[Data supplied]
====

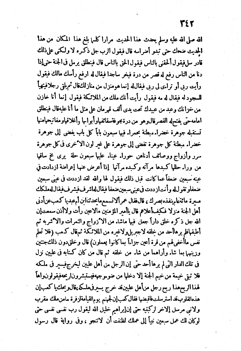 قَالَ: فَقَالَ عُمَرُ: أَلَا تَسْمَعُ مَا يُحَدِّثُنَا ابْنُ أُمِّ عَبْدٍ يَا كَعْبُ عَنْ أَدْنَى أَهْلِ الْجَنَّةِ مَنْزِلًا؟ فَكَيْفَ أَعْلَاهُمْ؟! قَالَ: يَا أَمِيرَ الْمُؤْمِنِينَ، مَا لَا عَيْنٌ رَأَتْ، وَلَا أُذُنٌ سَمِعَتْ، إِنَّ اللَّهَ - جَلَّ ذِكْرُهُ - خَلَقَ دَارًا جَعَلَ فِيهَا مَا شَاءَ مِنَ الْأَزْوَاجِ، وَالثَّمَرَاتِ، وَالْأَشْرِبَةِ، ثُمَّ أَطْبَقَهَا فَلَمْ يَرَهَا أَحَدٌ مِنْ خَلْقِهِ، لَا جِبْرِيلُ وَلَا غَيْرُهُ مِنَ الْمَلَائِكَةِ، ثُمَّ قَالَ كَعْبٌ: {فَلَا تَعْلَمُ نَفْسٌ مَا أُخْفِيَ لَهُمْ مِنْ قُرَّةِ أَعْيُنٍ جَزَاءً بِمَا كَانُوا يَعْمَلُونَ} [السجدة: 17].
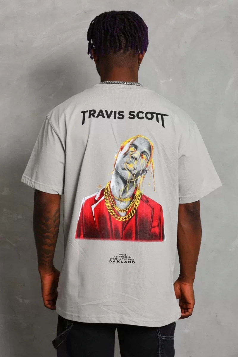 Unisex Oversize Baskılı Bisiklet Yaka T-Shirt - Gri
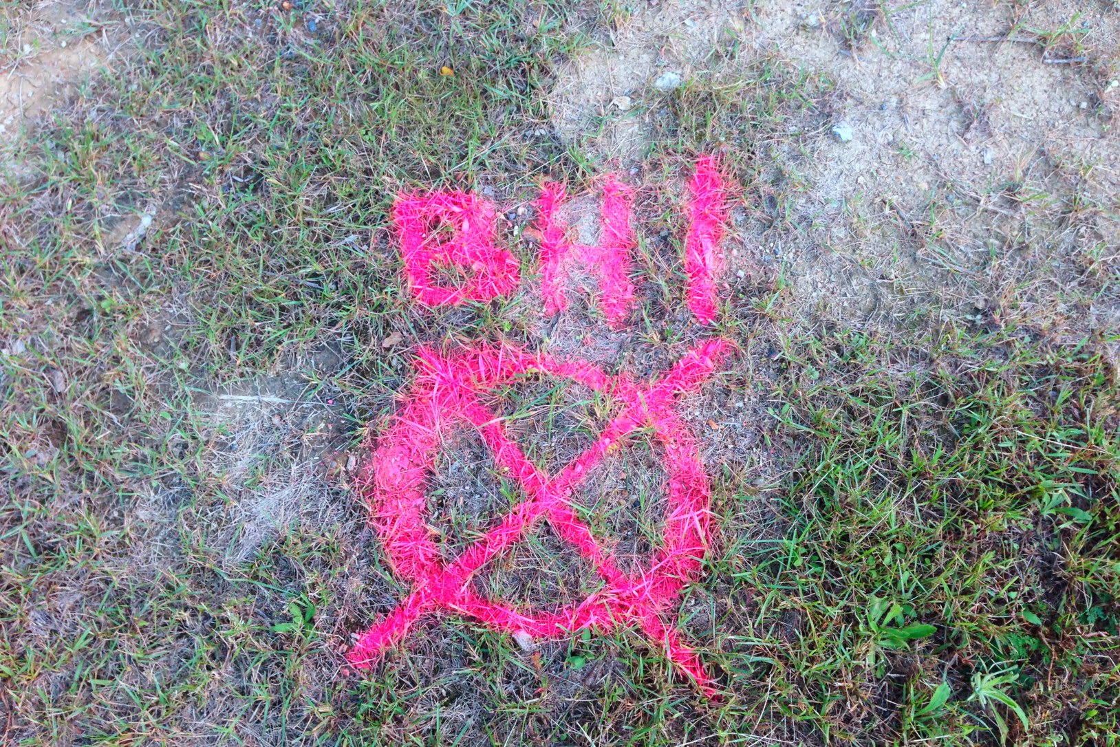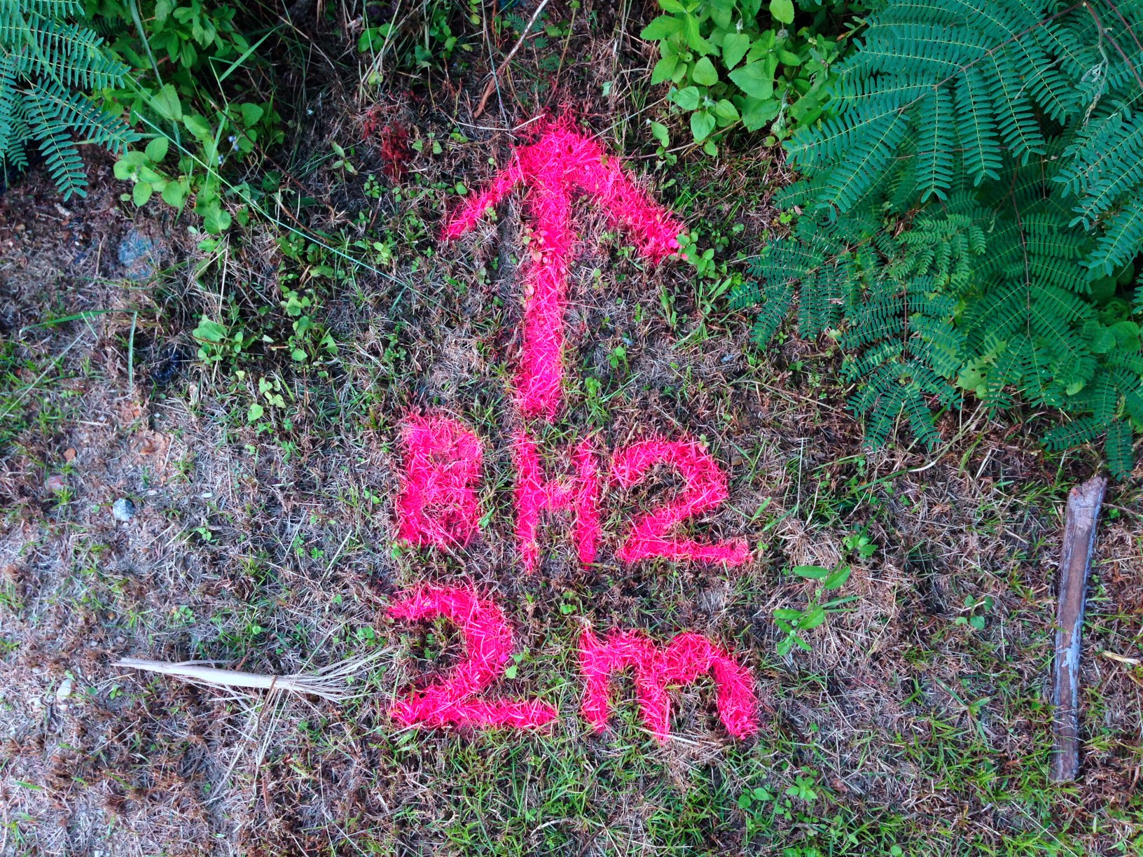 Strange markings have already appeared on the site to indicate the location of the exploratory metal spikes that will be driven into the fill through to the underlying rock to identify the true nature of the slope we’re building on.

====

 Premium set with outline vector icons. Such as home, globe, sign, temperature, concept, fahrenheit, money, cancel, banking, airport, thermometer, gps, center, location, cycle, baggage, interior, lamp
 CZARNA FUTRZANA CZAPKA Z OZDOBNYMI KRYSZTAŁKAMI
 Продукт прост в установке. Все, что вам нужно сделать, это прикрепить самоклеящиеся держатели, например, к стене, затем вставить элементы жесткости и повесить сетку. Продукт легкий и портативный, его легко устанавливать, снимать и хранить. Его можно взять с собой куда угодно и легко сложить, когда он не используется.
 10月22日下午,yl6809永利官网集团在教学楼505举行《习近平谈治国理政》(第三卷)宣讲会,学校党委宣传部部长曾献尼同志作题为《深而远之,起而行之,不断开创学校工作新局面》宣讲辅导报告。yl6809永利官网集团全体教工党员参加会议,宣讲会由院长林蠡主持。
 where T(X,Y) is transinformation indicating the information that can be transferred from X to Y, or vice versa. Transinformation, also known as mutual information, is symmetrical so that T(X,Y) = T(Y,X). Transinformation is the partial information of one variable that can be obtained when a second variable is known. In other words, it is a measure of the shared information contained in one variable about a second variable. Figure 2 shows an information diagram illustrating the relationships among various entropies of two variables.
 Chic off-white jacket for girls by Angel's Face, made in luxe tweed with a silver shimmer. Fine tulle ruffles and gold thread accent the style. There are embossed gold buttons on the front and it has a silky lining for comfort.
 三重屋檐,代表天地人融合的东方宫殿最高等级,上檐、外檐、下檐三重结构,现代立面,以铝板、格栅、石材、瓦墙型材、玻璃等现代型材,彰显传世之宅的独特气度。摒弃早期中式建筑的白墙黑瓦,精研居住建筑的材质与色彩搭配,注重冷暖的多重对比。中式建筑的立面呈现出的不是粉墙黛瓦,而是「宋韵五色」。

====

[About this exercise] Out of the preceding entries, pull each line that contains the word "with".

[Exercise result]
 Premium set with outline vector icons. Such as home, globe, sign, temperature, concept, fahrenheit, money, cancel, banking, airport, thermometer, gps, center, location, cycle, baggage, interior, lamp
 Chic off-white jacket for girls by Angel's Face, made in luxe tweed with a silver shimmer. Fine tulle ruffles and gold thread accent the style. There are embossed gold buttons on the front and it has a silky lining for comfort.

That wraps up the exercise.